**RECORDED DATA:**
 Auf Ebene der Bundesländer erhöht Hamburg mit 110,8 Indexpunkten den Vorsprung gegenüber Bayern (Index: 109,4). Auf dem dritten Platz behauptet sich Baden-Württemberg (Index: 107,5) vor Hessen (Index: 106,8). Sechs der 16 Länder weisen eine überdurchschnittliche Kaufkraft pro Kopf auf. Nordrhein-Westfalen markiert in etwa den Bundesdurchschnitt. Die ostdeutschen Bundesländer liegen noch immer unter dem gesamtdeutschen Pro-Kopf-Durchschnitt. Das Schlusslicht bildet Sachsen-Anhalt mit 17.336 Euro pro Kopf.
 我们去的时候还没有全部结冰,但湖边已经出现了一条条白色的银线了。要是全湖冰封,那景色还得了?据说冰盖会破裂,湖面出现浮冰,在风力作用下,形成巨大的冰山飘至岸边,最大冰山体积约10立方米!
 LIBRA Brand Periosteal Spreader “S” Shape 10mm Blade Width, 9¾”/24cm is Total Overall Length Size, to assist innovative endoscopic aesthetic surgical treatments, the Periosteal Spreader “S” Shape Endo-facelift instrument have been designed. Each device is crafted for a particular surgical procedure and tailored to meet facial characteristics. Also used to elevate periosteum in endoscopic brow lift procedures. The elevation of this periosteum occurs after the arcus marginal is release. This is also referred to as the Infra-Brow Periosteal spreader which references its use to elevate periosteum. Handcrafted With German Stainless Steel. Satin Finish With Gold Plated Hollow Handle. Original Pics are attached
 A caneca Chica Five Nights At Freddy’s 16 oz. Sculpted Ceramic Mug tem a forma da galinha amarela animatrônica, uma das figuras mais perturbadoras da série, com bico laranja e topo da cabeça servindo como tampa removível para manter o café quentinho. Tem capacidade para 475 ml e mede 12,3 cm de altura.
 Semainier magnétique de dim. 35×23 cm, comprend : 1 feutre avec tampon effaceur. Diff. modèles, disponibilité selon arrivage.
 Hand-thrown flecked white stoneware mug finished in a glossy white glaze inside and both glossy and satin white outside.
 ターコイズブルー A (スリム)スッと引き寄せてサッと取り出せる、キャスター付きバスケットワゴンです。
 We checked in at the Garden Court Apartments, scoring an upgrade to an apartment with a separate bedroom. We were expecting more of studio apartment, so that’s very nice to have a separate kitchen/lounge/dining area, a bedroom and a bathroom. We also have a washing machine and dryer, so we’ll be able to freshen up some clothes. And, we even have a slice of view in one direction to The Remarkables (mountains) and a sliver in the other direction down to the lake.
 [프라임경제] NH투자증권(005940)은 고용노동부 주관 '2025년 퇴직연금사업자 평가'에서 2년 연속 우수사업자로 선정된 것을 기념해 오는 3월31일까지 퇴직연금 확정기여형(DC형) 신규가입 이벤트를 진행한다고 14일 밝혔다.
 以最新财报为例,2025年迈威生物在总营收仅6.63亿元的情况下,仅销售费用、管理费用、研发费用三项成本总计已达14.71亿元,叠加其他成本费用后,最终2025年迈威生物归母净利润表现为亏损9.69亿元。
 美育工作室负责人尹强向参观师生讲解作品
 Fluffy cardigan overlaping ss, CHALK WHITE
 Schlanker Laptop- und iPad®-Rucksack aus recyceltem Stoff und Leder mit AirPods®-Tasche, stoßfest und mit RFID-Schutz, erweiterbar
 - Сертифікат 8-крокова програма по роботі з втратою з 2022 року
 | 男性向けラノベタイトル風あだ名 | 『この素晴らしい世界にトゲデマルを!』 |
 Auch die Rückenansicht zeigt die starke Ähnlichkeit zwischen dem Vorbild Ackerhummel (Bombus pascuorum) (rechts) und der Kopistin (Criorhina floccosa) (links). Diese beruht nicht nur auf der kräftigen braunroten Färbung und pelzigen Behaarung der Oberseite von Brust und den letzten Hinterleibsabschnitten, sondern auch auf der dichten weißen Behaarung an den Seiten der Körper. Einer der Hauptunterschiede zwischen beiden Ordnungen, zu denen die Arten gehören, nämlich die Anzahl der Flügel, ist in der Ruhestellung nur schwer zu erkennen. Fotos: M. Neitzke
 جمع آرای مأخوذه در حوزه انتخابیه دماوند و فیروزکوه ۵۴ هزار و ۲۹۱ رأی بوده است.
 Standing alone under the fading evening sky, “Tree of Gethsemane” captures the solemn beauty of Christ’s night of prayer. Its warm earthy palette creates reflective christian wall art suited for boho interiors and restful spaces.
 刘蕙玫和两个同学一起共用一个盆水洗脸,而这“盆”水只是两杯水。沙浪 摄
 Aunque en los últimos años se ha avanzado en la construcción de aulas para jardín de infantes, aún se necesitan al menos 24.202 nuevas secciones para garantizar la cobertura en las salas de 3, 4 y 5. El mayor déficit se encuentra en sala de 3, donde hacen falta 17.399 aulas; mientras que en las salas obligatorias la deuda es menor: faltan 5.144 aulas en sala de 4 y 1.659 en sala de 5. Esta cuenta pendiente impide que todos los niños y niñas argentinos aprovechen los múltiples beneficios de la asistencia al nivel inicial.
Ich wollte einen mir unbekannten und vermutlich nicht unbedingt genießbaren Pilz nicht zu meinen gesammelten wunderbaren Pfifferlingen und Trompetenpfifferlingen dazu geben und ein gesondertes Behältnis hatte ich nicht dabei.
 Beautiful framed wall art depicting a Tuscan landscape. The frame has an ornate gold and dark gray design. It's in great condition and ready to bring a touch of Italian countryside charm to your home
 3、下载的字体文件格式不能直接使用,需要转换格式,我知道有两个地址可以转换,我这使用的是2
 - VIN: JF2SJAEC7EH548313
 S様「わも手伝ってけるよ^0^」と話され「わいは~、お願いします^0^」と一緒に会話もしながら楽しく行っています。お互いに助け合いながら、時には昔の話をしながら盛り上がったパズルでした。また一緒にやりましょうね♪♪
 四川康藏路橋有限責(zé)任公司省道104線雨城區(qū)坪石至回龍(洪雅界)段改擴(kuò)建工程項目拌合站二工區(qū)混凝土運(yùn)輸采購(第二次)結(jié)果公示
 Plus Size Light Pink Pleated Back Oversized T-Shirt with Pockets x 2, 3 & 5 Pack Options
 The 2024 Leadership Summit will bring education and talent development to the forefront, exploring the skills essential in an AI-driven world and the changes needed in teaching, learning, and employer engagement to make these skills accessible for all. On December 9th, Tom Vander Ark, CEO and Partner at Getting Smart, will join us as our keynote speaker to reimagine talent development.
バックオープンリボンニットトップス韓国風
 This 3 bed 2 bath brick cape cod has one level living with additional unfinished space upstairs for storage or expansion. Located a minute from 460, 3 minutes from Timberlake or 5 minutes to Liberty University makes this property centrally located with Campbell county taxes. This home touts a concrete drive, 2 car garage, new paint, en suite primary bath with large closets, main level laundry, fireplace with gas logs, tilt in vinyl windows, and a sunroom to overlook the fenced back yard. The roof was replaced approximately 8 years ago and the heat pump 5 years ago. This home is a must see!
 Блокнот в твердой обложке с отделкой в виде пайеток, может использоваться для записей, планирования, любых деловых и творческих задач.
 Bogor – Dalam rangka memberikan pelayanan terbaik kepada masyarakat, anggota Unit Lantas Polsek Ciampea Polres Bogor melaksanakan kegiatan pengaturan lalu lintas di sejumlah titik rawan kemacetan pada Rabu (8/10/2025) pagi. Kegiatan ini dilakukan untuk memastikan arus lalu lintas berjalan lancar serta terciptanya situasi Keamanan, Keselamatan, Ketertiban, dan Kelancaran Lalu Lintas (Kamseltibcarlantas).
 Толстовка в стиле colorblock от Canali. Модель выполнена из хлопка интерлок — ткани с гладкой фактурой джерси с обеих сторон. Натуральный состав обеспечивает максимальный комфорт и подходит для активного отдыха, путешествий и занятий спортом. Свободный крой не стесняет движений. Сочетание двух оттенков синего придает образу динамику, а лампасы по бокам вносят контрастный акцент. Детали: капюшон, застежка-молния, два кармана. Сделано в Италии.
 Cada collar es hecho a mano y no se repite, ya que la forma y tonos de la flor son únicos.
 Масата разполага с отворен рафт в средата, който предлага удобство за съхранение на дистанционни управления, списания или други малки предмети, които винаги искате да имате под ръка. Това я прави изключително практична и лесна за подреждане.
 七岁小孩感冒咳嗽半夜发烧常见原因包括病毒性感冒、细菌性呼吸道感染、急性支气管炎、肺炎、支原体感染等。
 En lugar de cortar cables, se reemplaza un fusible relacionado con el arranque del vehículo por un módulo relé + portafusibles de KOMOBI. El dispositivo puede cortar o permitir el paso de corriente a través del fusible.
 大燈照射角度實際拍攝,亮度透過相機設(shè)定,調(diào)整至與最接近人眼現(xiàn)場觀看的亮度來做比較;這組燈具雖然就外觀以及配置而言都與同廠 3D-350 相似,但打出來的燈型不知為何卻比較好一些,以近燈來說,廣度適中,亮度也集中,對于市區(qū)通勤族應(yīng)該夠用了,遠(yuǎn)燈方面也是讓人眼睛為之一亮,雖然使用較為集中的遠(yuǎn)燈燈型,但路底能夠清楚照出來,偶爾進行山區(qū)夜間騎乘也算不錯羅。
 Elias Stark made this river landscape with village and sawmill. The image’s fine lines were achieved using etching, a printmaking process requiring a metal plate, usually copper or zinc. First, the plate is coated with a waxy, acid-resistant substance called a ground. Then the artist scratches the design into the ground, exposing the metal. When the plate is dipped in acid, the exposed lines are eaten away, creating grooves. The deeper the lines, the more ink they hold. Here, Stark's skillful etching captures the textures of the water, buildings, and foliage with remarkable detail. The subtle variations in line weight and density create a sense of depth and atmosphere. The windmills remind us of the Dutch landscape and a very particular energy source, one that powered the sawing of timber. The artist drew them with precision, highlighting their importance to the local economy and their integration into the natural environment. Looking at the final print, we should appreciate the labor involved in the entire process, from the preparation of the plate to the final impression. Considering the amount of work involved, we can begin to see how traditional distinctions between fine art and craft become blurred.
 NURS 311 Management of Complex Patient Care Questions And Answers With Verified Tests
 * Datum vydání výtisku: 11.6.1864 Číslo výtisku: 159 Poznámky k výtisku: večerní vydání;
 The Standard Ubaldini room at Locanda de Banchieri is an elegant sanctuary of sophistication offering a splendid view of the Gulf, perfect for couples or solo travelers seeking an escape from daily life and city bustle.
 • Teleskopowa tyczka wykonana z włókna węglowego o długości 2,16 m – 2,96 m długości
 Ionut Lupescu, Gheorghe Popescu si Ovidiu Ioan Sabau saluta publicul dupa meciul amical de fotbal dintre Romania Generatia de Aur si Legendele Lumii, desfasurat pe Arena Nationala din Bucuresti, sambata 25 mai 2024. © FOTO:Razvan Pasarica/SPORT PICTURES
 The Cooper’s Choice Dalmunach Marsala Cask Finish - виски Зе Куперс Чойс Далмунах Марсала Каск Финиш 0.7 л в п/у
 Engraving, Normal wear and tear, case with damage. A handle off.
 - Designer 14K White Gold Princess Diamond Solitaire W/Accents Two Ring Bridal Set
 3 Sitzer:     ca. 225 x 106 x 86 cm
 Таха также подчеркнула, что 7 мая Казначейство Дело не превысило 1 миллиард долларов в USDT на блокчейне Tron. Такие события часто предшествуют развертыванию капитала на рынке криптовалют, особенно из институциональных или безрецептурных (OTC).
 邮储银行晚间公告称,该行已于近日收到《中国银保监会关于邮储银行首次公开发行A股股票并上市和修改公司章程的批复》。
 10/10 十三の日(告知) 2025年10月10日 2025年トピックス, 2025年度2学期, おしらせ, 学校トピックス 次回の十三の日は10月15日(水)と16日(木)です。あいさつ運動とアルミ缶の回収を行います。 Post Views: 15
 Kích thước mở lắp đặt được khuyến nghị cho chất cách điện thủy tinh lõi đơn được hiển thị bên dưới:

**WHAT IS REQUIRED:** Report all lines in the listing above that contain the word "forma".

**EXERCISE SOLUTION:**
 A caneca Chica Five Nights At Freddy’s 16 oz. Sculpted Ceramic Mug tem a forma da galinha amarela animatrônica, uma das figuras mais perturbadoras da série, com bico laranja e topo da cabeça servindo como tampa removível para manter o café quentinho. Tem capacidade para 475 ml e mede 12,3 cm de altura.
 Cada collar es hecho a mano y no se repite, ya que la forma y tonos de la flor son únicos.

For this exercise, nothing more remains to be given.